Berlin. Berlin ist bei den digitalen Finanzdienstleistern aus dem Netz tonangebend. Die FinTechs sind eine Chance für den Finanzplatz Berlin.

Unternehmen der Finanztechnologie (FinTechs) sind eine Chance für Berlin als Wirtschaftsstandort und Finanzplatz. Einige dieser Unternehmen können schnell zu Marktführern im Finanzbereich heranwachsen. Zu diesem Ergebnis kommt eine am Mittwoch vorgelegte Analyse der Investitionsbank Berlin (IBB).

Bei FinTechs handelt es sich um Unternehmen, die technologiegetriebene und digitalisierte neue Finanzprodukte anbieten. So ermöglicht etwa das Start-up „Cringle“ Bargeldüberweisungen zwischen Freunden. „Weltsparen“ bietet festverzinsliche Papiere an, die kaum eine Bank verkauft. Mit „Lendico“ können sich Internetnutzer gegenseitig Kredite gewähren. Das sind nur drei Beispiele für Finanzdienstleistungen der neuen Art.

Vertrauenskrise der Banken nützt den Finanz-Start-ups

Solche Firmen werden zunehmend zu Mitbewerbern der etablierten Banken, die nicht nur unter Niedrigzinsen leiden, sondern auch unter einer Strukturschwäche und einer Vertrauenskrise. „In den vergangenen zehn Jahren hat sich die Zahl der Institute auf 2000 mehr als halbiert. Sparkassen und Banken haben 9000 Filialen geschlossen und 66.000 Stellen abgebaut“, skizzierte Jürgen Allerkamp, der Vorstandsvorsitzende der IBB, die Bankenkrise. Mehr als 80 Prozent der Institute befürchten Verluste, 20 Prozent sehen ihr Geschäftsmodell als gefährdet an. Banken verlieren ihre Rolle als Vermittler.

Diesen Trend machen sich die FinTechs zunutze. „70 Fintech-Unternehmen sind in Berlin beheimatet. Das sind doppelt so viele wie am Finanzplatz Frankfurt. Sie konnten im vergangenen Jahr 79 Millionen Dollar Wagniskapital nach Berlin holen“, beschrieb Wirtschaftssenatorin Cornelia Yzer (CDU) die aktuelle Lage. „Diese Unternehmen greifen die etablierten Player an und stellen ihre Geschäftsmodelle infrage“, bestätigte auch Allerkamp.

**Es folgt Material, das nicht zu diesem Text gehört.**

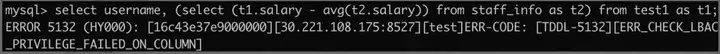 - 当SQL查询涉及到当前用户无法读取的列时,SQL执行会失败;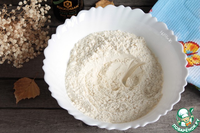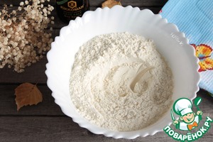 Предварительно просеянную муку пшеничную смешать с сахарным песком и содой.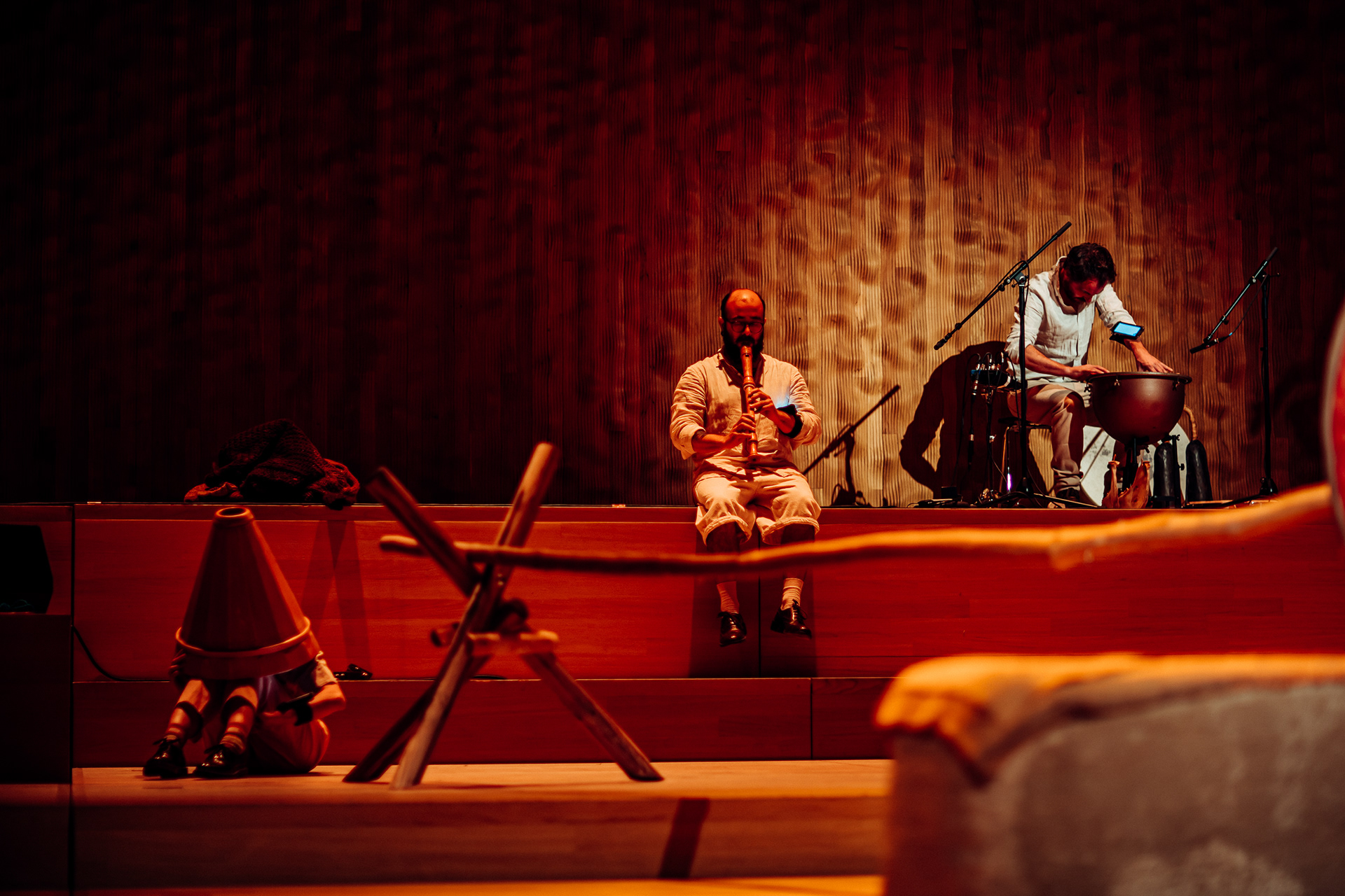 Through a series of experiments, the piece is incorporating objects and self-made instruments, silence, chance and noise to show life’s brutal reality, not just its naïve innocence.

Um hier die Position Berlins zu festigen, seien günstige Rahmenbedingungen wichtig, sagte Chris Bartz, Venture Partner beim Unternehmensentwickler FinLeap und Vertreter des Branchenverbandes Bitkom. Er mahnte ein „digital vorausschauendes Umfeld“ an. Hier stimmte ihm die Wirtschaftssenatorin zu. Sie setze sich genau dafür ein und nannte als Beispiel die im neuen Kleinanlegerschutzgesetz festgeschriebenen Erleichterungen für Crowd­funding-Plattformen.

Berlin eröffnet London-Büro für umzugswillige Firmen

Der bevorstehende Brexit könnte sich positiv auf Berlin als FinTech-Standort auswirken. Senatorin Yzer berichtete von „sehr konkreten“ Gesprächen mit umsiedlungswilligen Londoner FinTech-Unternehmen und versicherte, dass sie die Opportunität der Situation nutzen wolle. Im September ist zudem die Eröffnung einer Repräsentanz in London geplant, die umzugswillige Unternehmen beraten soll.

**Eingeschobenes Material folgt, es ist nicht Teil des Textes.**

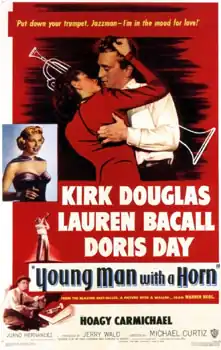 Young Man with a Horn is a 1950 American musical drama film starring Kirk Douglas, Lauren Bacall, Doris Day, Hoagy Carmichael, and Juano Hernandez.[2][3] It was based on the 1938 novel of the same name by Dorothy Baker, inspired by the life of jazz cornetist Bix Beiderbecke. The film was directed by Michael Curtiz, produced by Jerry Wald, and its screenplay written by Carl Foreman and Edmund H. North.

Der IBB-Chef gab eine Wachstumsprognose für Berliner FinTechs von 50 Prozent jährlich ab. Damit würde sich voraussichtlich die schwer zu schätzende Stellenzahl von derzeit 2000 bis 4000 ebenfalls verdoppeln. Berlin hatte bereits ein FinTech, als man den Begriff hier noch nicht buchstabieren konnte: Das US-Unternehmen PayPal (2002–2015 Teil von Ebay), das binnen eines Jahres um 25 Prozent gewachsen ist, wickelt in Dreilinden seit mehr als einem Jahrzehnt Bargeldtransaktionen für den deutschsprachigen Raum ab. „PayPal ist mittlerweile mehr wert als alle deutschen Banken zusammen“, kommentierte Chris Bartz dieses Erfolgsmodell.